The controversial two-term governor, who left office a year ago, is registered to vote in Flagler County, Florida.
He is still a Republican.
LePage, 71, and his wife, Ann, bought a house in 2018 in a gated, private golf course community called Plantation Bay in Ormond Beach.
They paid $360,000 for a pretty one-story home with, as its real estate agent once described, a “big pool” with a huge covered porch overlooking “the serene wooded setting.”
Two months later, the LePages sold their home in Boothbay Harbor for a bit more than they paid for the house in Florida.
A house in Ormond Beach that Ann LePage bought in 2008 was sold late in 2017 for $207,000. Also a Republican, she registered to vote in Florida in 2018, after the gubernatorial election in Maine.
The ex-governor’s move was not a surprise.
He told radio hosts shortly before the 2018 election, when voters picked Democrat Janet Mills to succeed him, that he had every intention of leaving the Pine Tree State.
“I’ll be a resident of Florida if Janet Mills wins,” said LePage, who was prohibited from running for a third term. He added that he would depart even if Republican Shawn Moody won.
“I’m going to retire and go to Florida. I’m done with politics. I’ve done my eight years. It’s time for somebody else,” LePage said then.

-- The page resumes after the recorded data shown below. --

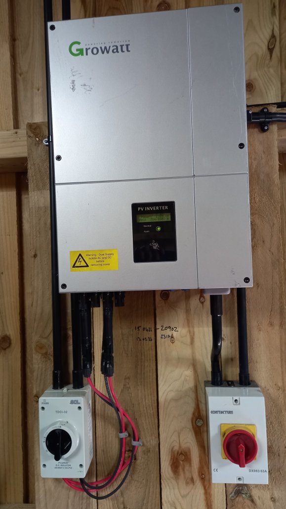 Inverters are an expensive component, but a perusal of ebay located a supplier than specialises in refurbished products at a decent price and I made an offer for £200 for an elderly Growatt 3600 unit. As its name suggests it can produce a maximum of 3.6kW and it has 2 MPPT’s or Max Power Point Trackers but more on that later. I particularly liked this unit as it weighed 20kg, much of which was a huge finned heat sink on the rear of the unit and it does not rely upon cooling fans like modern units. My experience of cooling fans on desk top PCs is that they clog the internals with dust and they need cleaning out every couple of years.
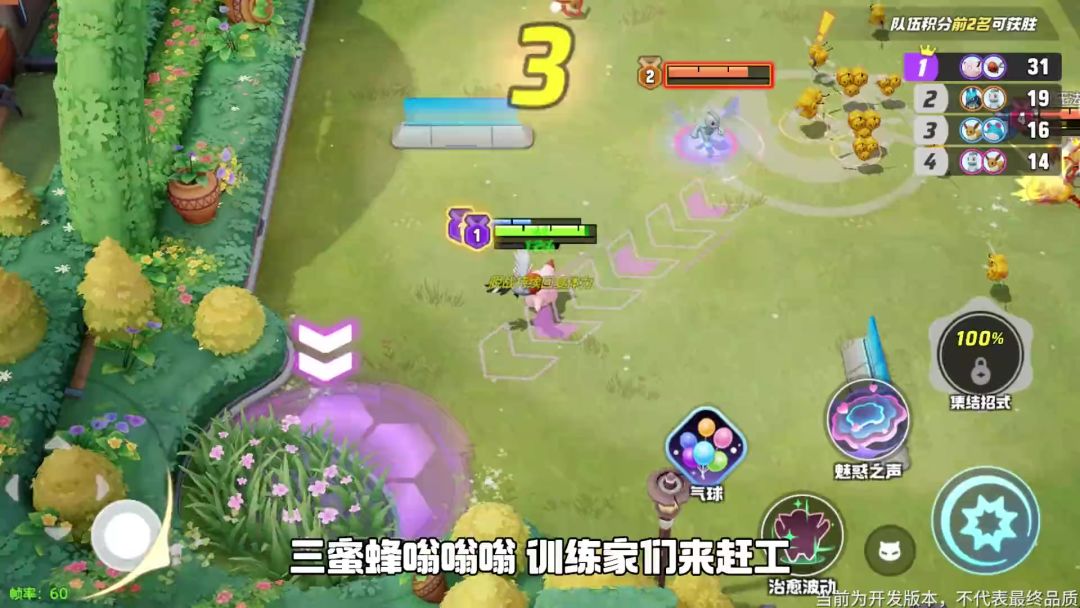 在比赛时,每只普通三蜜蜂的分数为1分,当一定时间后,场地中会刷新体型稍大的三蜜蜂,每只体型稍大的三蜜蜂分数为3分,它们是反败为胜的关键,也是达成得分反超的基础,训练家们一定要好好把握。
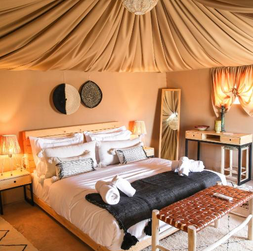 As the night draws to a close, retreat to your private tent, adorned with traditional Moroccan furnishings and comfortable bedding. Fall asleep to the peacefulness of the desert, with the gentle sound of the wind whispering through the tent. Wake up to the soft hues of the sunrise, as the desert slowly awakens to another day.
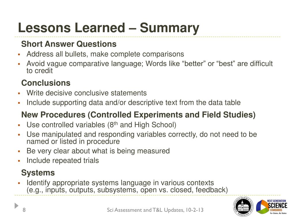 Lessons Learned – Summary Short Answer Questions • Address all bullets, make complete comparisons • Avoid vague comparative language; Words like “better” or “best” are difficult to credit Conclusions • Write decisive conclusive statements • Include supporting data and/or descriptive text from the data table New Procedures (Controlled Experiments and Field Studies) • Use controlled variables (8th and High School) • Use manipulated and responding variables correctly, do not need to be named or listed in procedure • Be very clear about what is being measured • Include repeated trials Systems • Identify appropriate systems language in various contexts (e.g., inputs, outputs, subsystems, open vs. closed, feedback) Sci Assessment and T&L Updates, 10-2-13
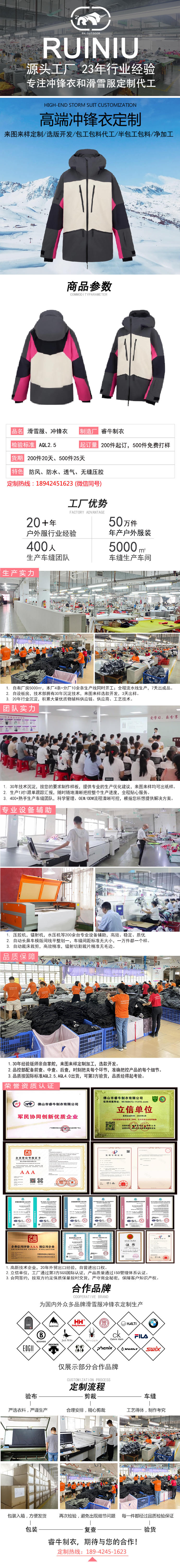 持續23年專注沖鋒衣、滑雪服定制加工廠家
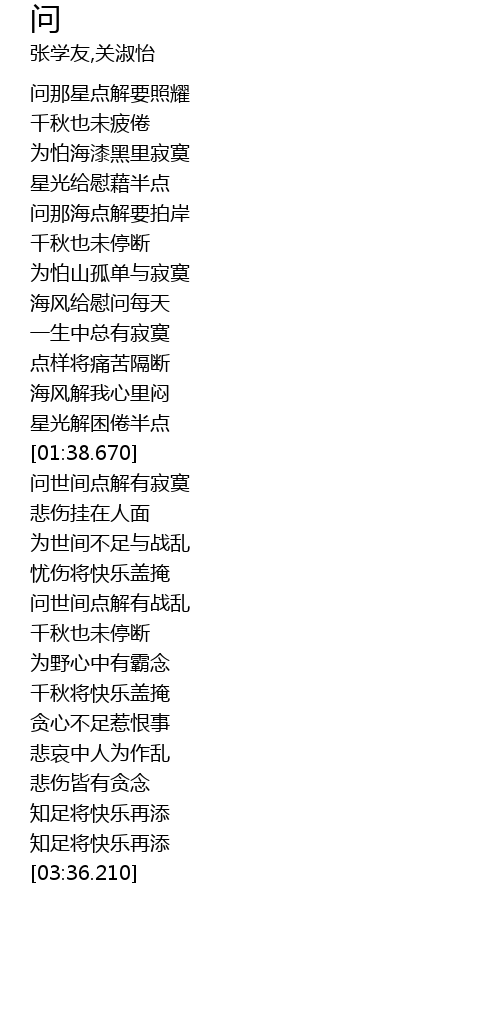 | [02:21.810] | wèn shì jiān diǎn jiě yǒu zhàn luàn |
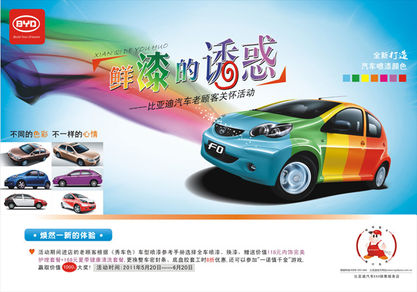 翔遠(yuǎn)宏盛服務(wù)店為了回饋老顧客一直以來(lái)對(duì)我店的支持和厚愛(ài),特開(kāi)展“鮮漆的誘惑”比亞迪汽車?yán)项櫩完P(guān)愛(ài)活動(dòng)。5月20日—6月20日,凡回家的老顧客均可享受全車噴漆、換漆大優(yōu)惠,不同的顏色,不一樣的心情;更換整車密封條、底盤膠套工時(shí)8折優(yōu)惠;屆時(shí)還可以參加游戲贏取千元驚喜!

Over the summer, the LePages came back to Maine and worked together at McSeagulls in Boothbay Harbor, where the former governor tended bar for tourists as well as old friends.
The Boothbay Register said the pair had been at their winter home in Florida before Ann convinced her husband to join her working at the popular restaurant.
LePage, who could not be reached Friday, said he would likely teach at a university in Florida, but he also said a desire to avoid taxes played a big role in his thinking.
“I’ll tell you very simply, I have a house in Florida. I will pay no income tax” and less in property tax, the governor said.
“At my age, why wouldn’t you conserve your resources and spend it on your family and not taxes?” he asked.
Even so, the Lewiston native and ex-mayor of Waterville still occasionally tells radio interviewers in Maine that he may run for office again in his home state.